(PROVIDED INFORMATION)

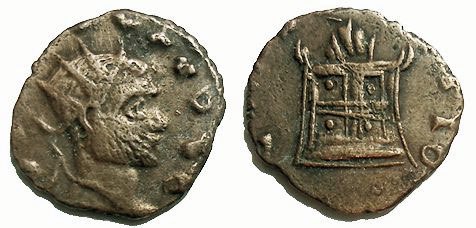 Tête radiée de Claude II à droite, avec pan de paludamentum sur l'épaule gauche (O2).
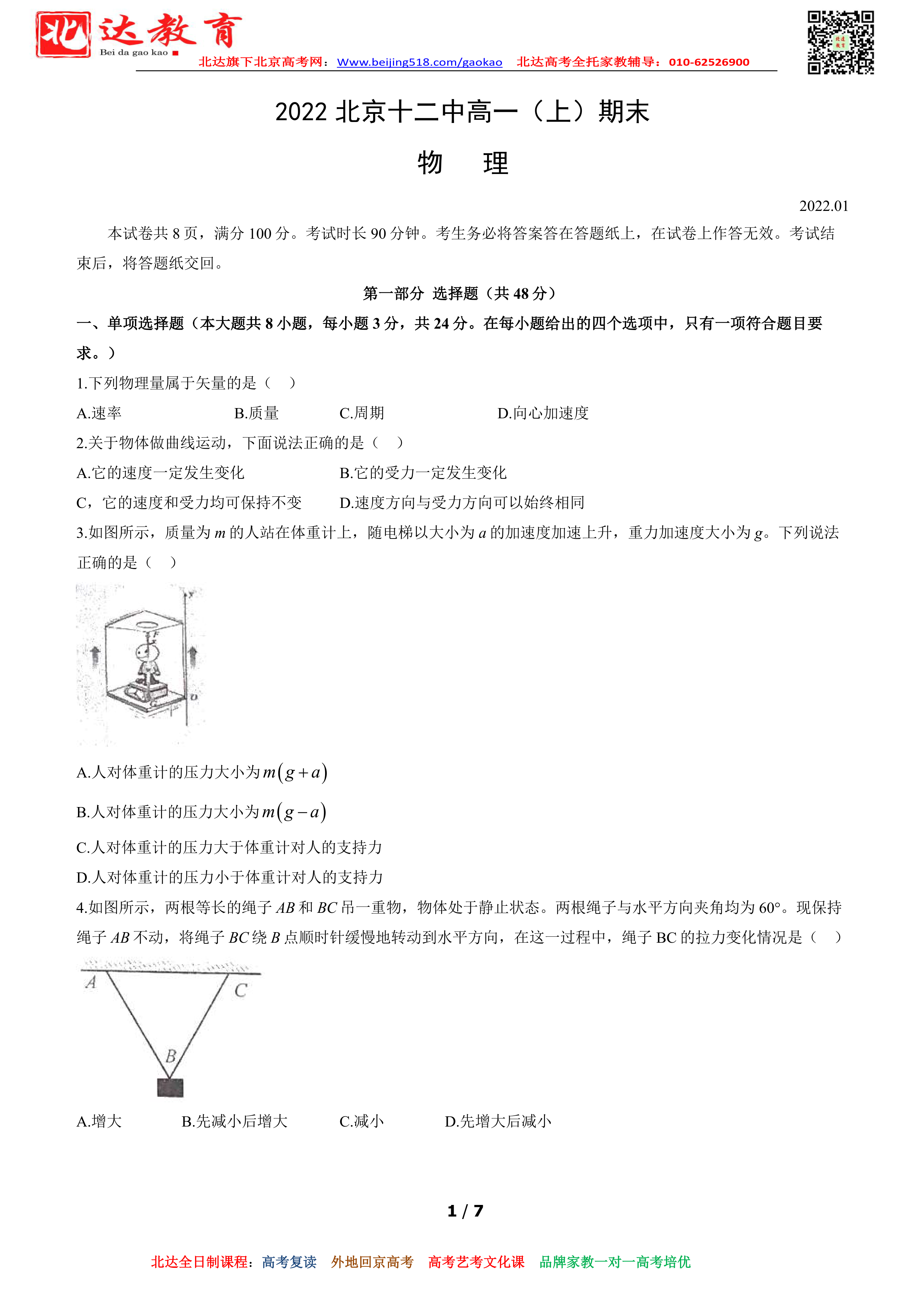 首页 高一资料 北京十二中2022年高一上学期期末物理试题
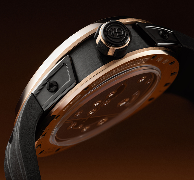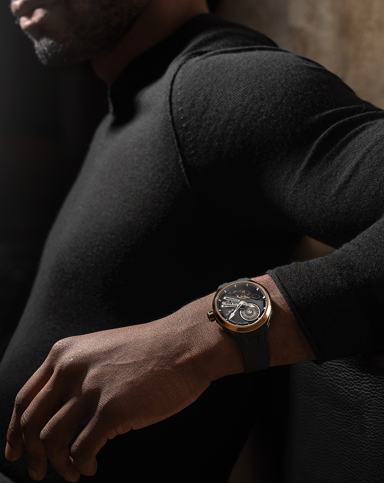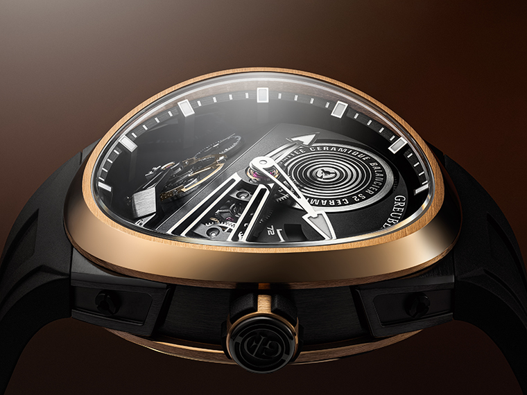 รุ่นตัวเรือนเซรามิกสีดําและทอง 5N red gold มุ่งเน้นการแสดงความต่างและมิติเชิงลึก โดยชิ้นส่วนกลไกที่ผ่านการเคลือบสีดําและตัวเรือนเซรามิกทําหน้าที่เป็นดั่งกรอบที่โอบล้อมโครงสร้างสถาปัตยกรรมภายในเอาไว้ ในขณะที่ขอบตัวเรือนและฝาหลังทองเรดโกลด์ช่วยเติมเต็มความอบอุ่นและสร้างนํ้าหนักทางสายตาที่โดดเด่นการสอดประสานกันระหว่างพื้นผิวแบบด้าน และแบบขัดเงา ช่วยขับเน้นบุคลิกอันเป็นสามมิติของกลไกให้เด่นชัดยิ่งขึ้น พร้อมกับตอกย้ำลักษณะอันเป็นประติมากรรมของตัวเรือนทรง Convexe ได้อย่างสง่างาม
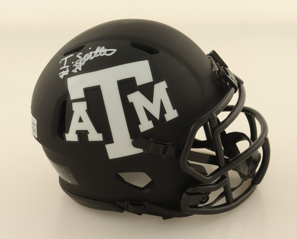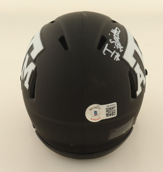 Riddell Texas A&M Aggies Speed mini helmet. Hand-signed by Isaiah Spiller.The autograph includes an official Beckett Authentication Services serially numbered scannable hologram and QR Code Card for authenticity purposes. The signing of this item was witnessed by Beckett.Authentication: Beckett Scannable Hologram with QR Code Card
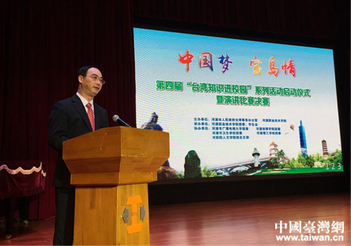 中國臺灣網12月27日河源訊 日前,河源市以“中國夢、寶島情”為主題的第四屆“臺灣知識進校園”系列活動啟動儀式暨演講比賽決賽在河源職業技術學院隆重舉行。市辦主任謝昉柱和河源職業技術學院副校長賴小景出席了活動。
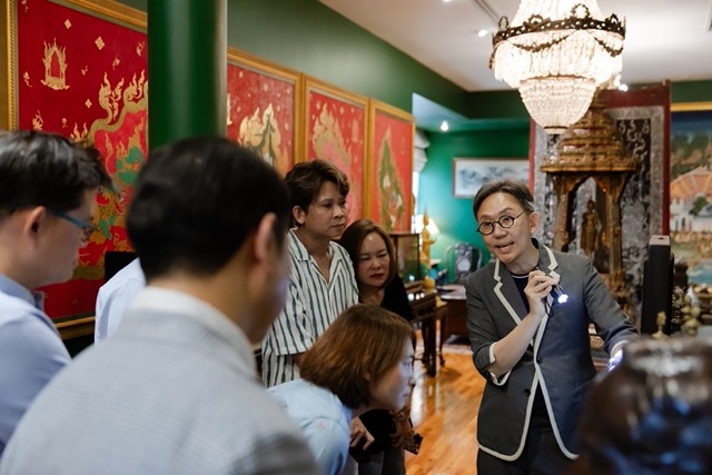 ทริป The Mobility of Art Experience ได้เชิญเจ้าของรถ GEELY EX5 จำนวน 35 ท่าน ร่วมเดินทางสู่ “แรงบันดาลใจจากงานศิลปะ” ผ่านหลากหลายกิจกรรม โดยไฮไลท์สำคัญคือ Exclusive Art Tour โดยนายเสริมคุณ คุณาวงศ์ ได้พาผู้เข้าร่วมสัมผัสเสน่ห์ศิลปะใน 3 โซนหลักของบ้านพิพิธภัณฑ์ เริ่มจาก The Residence บ้านพำนักที่ผสานศิลปะเข้ากับวิถีชีวิตประจำวัน ทั้งห้องอ่านหนังสือตกแต่งสไตล์ไทย ห้องน้ำชาที่จัดแสดงงานประณีตศิลป์หลายแขนง และ “ห้องจักรพันธุ์” ซึ่งรวบรวมผลงานของ อาจารย์จักรพันธุ์ โปษยกฤต และศิลปินไทยอีกมากมาย ต่อด้วย The Garden of Life สวนแห่งชีวิตที่รายล้อมด้วยงานประติมากรรมนับสิบชิ้น และปิดท้ายที่ The Cubic Building อาคารทรงเรขาคณิต 5 ชั้น อันเป็นพื้นที่จัดแสดงศิลปะร่วมสมัย ทั้ง 3 โซนยังถูกใช้เป็นพื้นที่จัดแสดง GEELY EX5 ในกิจกรรมครั้งนี้ สะท้อนการผสานระหว่างศิลปะและยนตรกรรมที่เรียบง่าย ทันสมัย และสง่างาม อันเป็นเอกลักษณ์ของแบรนด์ GEELY ได้อย่างลงตัว นอกจากการเยี่ยมชมงานศิลปะแล้ว ผู้เข้าร่วมยังได้ดื่มด่ำกับเมนูคอร์สอาหารไทยที่รังสรรค์ขึ้นพิเศษสำหรับทริปนี้ ณ ห้อง Grand Garuda ซึ่งตกแต่งด้วยงานศิลป์ที่ถอดพิมพ์จากผลงานของศาสตราจารย์ศิลป์ พีระศรี และไม้แกะสลักของอาจารย์ถวัลย์ ดัชนี เติมเต็มบรรยากาศการเดินทางครั้งนี้ด้วยเสน่ห์ของงานศิลปะในทุกย่างก้าว

(End PROVIDED INFORMATION)

YOUR OBJECTIVE -
Leave out every picture, and repeat word for word only the lines from the one holding "Riddell Texas A&M" through the end of the entries above, both ends included.

COMPLETED EXERCISE -
 Riddell Texas A&M Aggies Speed mini helmet. Hand-signed by Isaiah Spiller.The autograph includes an official Beckett Authentication Services serially numbered scannable hologram and QR Code Card for authenticity purposes. The signing of this item was witnessed by Beckett.Authentication: Beckett Scannable Hologram with QR Code Card
 中國臺灣網12月27日河源訊 日前,河源市以“中國夢、寶島情”為主題的第四屆“臺灣知識進校園”系列活動啟動儀式暨演講比賽決賽在河源職業技術學院隆重舉行。市辦主任謝昉柱和河源職業技術學院副校長賴小景出席了活動。
 ทริป The Mobility of Art Experience ได้เชิญเจ้าของรถ GEELY EX5 จำนวน 35 ท่าน ร่วมเดินทางสู่ “แรงบันดาลใจจากงานศิลปะ” ผ่านหลากหลายกิจกรรม โดยไฮไลท์สำคัญคือ Exclusive Art Tour โดยนายเสริมคุณ คุณาวงศ์ ได้พาผู้เข้าร่วมสัมผัสเสน่ห์ศิลปะใน 3 โซนหลักของบ้านพิพิธภัณฑ์ เริ่มจาก The Residence บ้านพำนักที่ผสานศิลปะเข้ากับวิถีชีวิตประจำวัน ทั้งห้องอ่านหนังสือตกแต่งสไตล์ไทย ห้องน้ำชาที่จัดแสดงงานประณีตศิลป์หลายแขนง และ “ห้องจักรพันธุ์” ซึ่งรวบรวมผลงานของ อาจารย์จักรพันธุ์ โปษยกฤต และศิลปินไทยอีกมากมาย ต่อด้วย The Garden of Life สวนแห่งชีวิตที่รายล้อมด้วยงานประติมากรรมนับสิบชิ้น และปิดท้ายที่ The Cubic Building อาคารทรงเรขาคณิต 5 ชั้น อันเป็นพื้นที่จัดแสดงศิลปะร่วมสมัย ทั้ง 3 โซนยังถูกใช้เป็นพื้นที่จัดแสดง GEELY EX5 ในกิจกรรมครั้งนี้ สะท้อนการผสานระหว่างศิลปะและยนตรกรรมที่เรียบง่าย ทันสมัย และสง่างาม อันเป็นเอกลักษณ์ของแบรนด์ GEELY ได้อย่างลงตัว นอกจากการเยี่ยมชมงานศิลปะแล้ว ผู้เข้าร่วมยังได้ดื่มด่ำกับเมนูคอร์สอาหารไทยที่รังสรรค์ขึ้นพิเศษสำหรับทริปนี้ ณ ห้อง Grand Garuda ซึ่งตกแต่งด้วยงานศิลป์ที่ถอดพิมพ์จากผลงานของศาสตราจารย์ศิลป์ พีระศรี และไม้แกะสลักของอาจารย์ถวัลย์ ดัชนี เติมเต็มบรรยากาศการเดินทางครั้งนี้ด้วยเสน่ห์ของงานศิลปะในทุกย่างก้าว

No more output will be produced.